Travel Back in Time Through Professor Eddie Lee's Winthrop History Course

May 07, 2020


  • “Winthrop University: The Defining Events” will be offered July 13-Aug. 13. 
  • The course examines the history of our university from its founding in Columbia in 1886 until the present day.

ROCK HILL, SOUTH CAROLINA – People know Professor of History Eddie Lee ’83 for his expertise on South Carolina’s history. This summer he shares another of his history passions with his course, “Winthrop University: The Defining Events.” 

“The course examines the history of our university from its founding in Columbia in 1886 until the present day,” Lee said. “Defining events such as the move to Rock Hill from Columbia, integration and co-education are discussed.” 

“History 550 will appeal to a wide cross-section of people: alumni, friends, the Rock Hill community and summer learners,” he added. The course will be offered in Summer Session D, July 13-Aug. 13. 

Lee, a third-generation Winthrop graduate, can trace back his own history with Winthrop for more than 100 years.

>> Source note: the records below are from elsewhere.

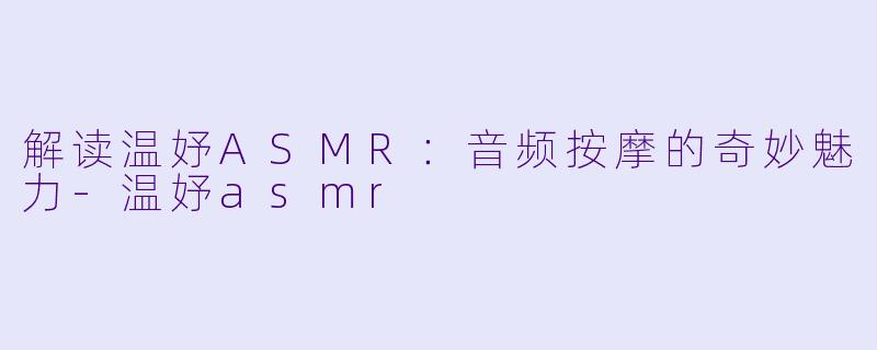 近年来,ASMR(Autonomous Sensory Meridian Response)音频按摩成为了一种备受欢迎的放松方式。在这个潮流中,有一位名为温妤的ASMR创作者备受瞩目。她的视频中,温妤用各种声音和手势,带领观众进入一片宁静的世界,让人在疲惫的生活中找到一丝舒缓和放松。
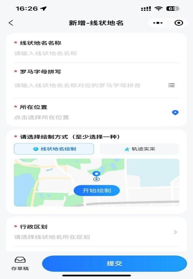 如果新增或报错的是道路等线状地名,请选择“新增-线状地名”或“报错-线状地名”,该功能可绘制线状地名路线,能清晰确定其起止点和走向。
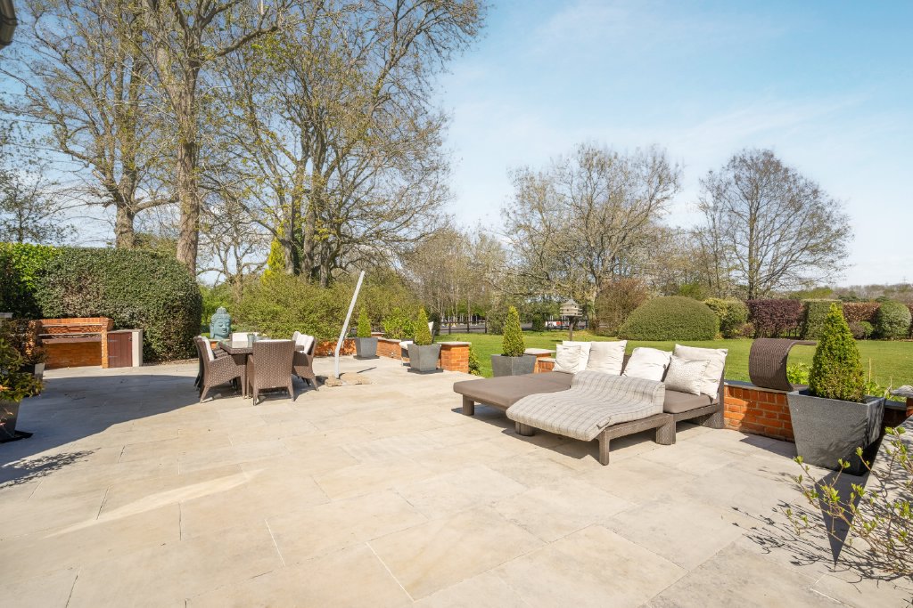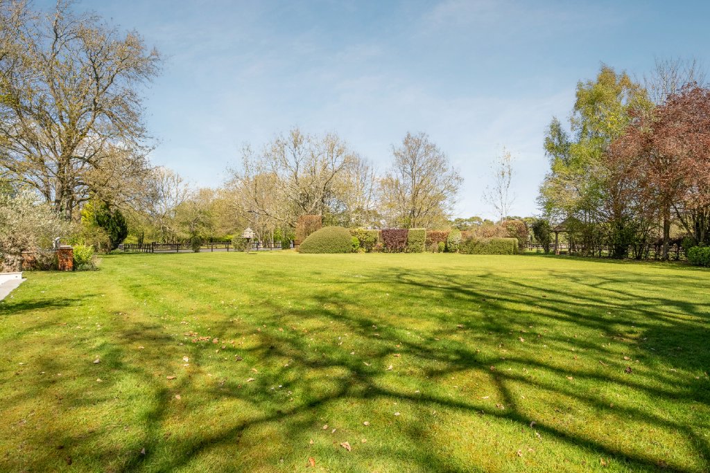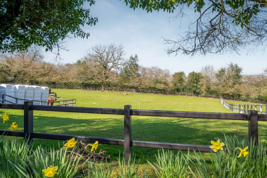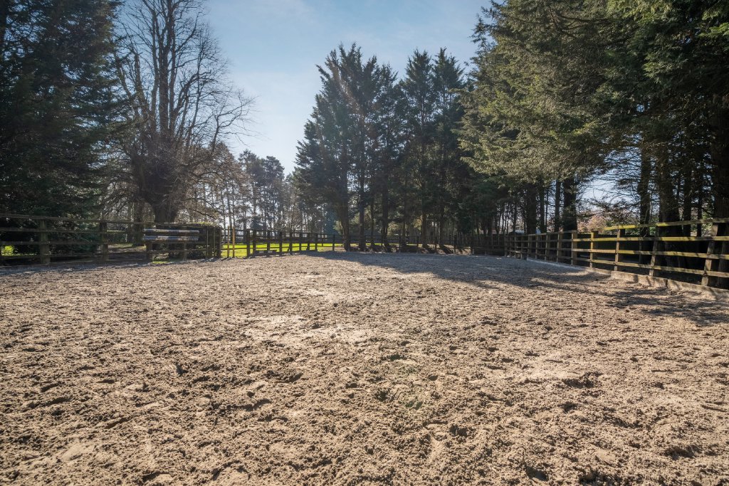 The property is approached via electrically operated wrought iron gates opening to a gravel drive. Surrounding the house are beautifully maintained formal gardens featuring a large stone terrace, topiary hedging, and mature trees. Beyond lie the extensive paddocks, enclosed with post-and-rail fencing and bordered by woodland, providing a superb rural outlook and a sense of open space.
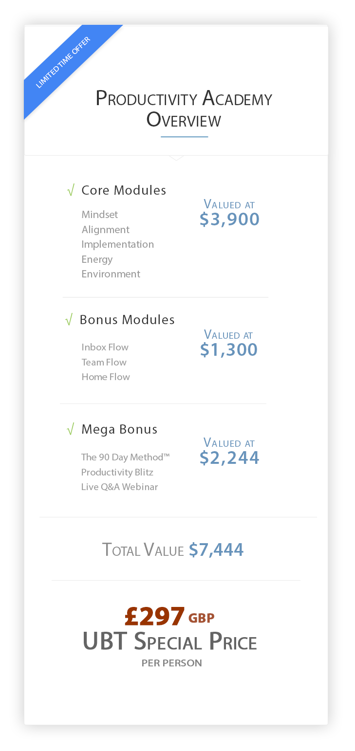 Colin will be running a live UBT Q&A Webinar where he will answer any questions you have about productivity or the Productivity Academy. You can submit your questions prior or he will answer them live. You'll be sent the schedule for this session in a couple of week. The recording will be sent to you if you aren't able to make the live session.
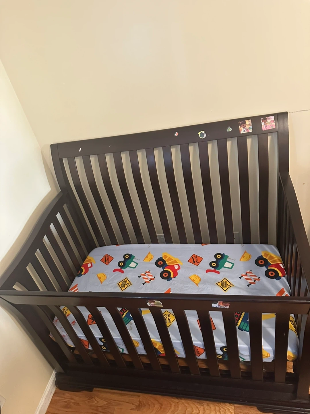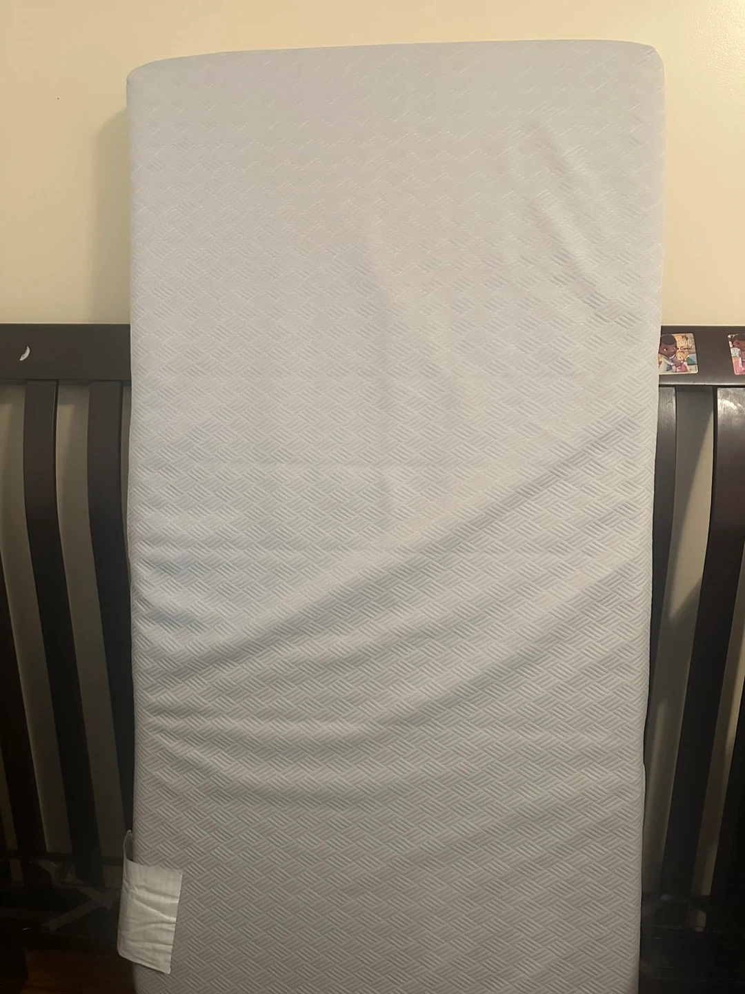 Selling a baby crib mattress with a 2-stage dual firmness design! It features a firmer foam side for infants and a memory foam side for toddlers. The dimensions are 52 inches x 27 inches x 4.7 inches. The mattress cover is removable and machine-washable, with a waterproof sleep surface that is easy to clean. The crib is also available for sale, going for $60 and is negotiable, thanks.
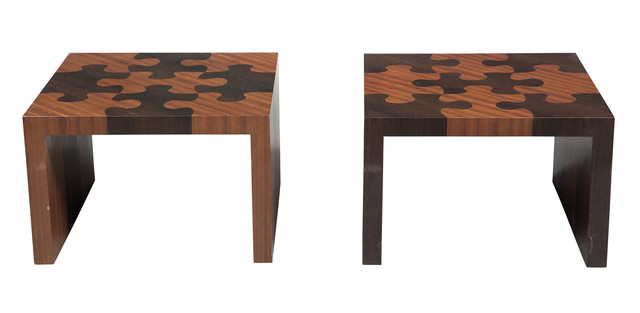 Title: Pair of Custom Made Puzzle Piece Specimen Hardwoods End Tables

His grandmother was part of the Class of 1897; his mother, the Class of 1936. He joined the faculty ranks in 1994 and directs the history graduate program. 

But why study Winthrop’s history? 

“Winthrop’s first president, David Bancroft Johnson, used to say, ‘The sun does not set on Winthrop graduates,’” Lee said. “That meant, in his time as president (1886-1928), we were everywhere. Certainly, it is more true in 2020.” 

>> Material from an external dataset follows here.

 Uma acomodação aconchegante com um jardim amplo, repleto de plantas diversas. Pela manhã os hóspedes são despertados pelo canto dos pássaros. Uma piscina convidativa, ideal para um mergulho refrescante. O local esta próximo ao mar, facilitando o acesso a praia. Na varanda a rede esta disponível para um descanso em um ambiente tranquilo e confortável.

What does Lee consider the most significant event in the university’s history? 

“The most significant event in our university’s history was the move from Columbia to Rock Hill,” he said. “Winthrop President [at the time] Henry Sims called it the ‘best investment Rock Hill ever made.’ Certainly, this move was good for the community, the state and the institution.”    

In any discussion with Lee, he’s quick to point to his surroundings and remind you, “History’s happening all the time. History is what we said five minutes ago.” 

Lee's love of history started at an early age and was stoked by relatives who loved learning about the country's capital. He spent many of his childhood summers visiting historic sites such as Mount Vernon, the Smithsonian, the Jefferson Memorial and the Capitol Building. 

He’s the former mayor of York, an elected position in which he served for more than 16 years, former president of the South Carolina Historical Association and author or co-author of 15 books. He’s also a past recipient of the Palmetto Trust's Historic Preservation's Elected Official Award in 2015 for leading the efforts to save the historic York County Courthouse.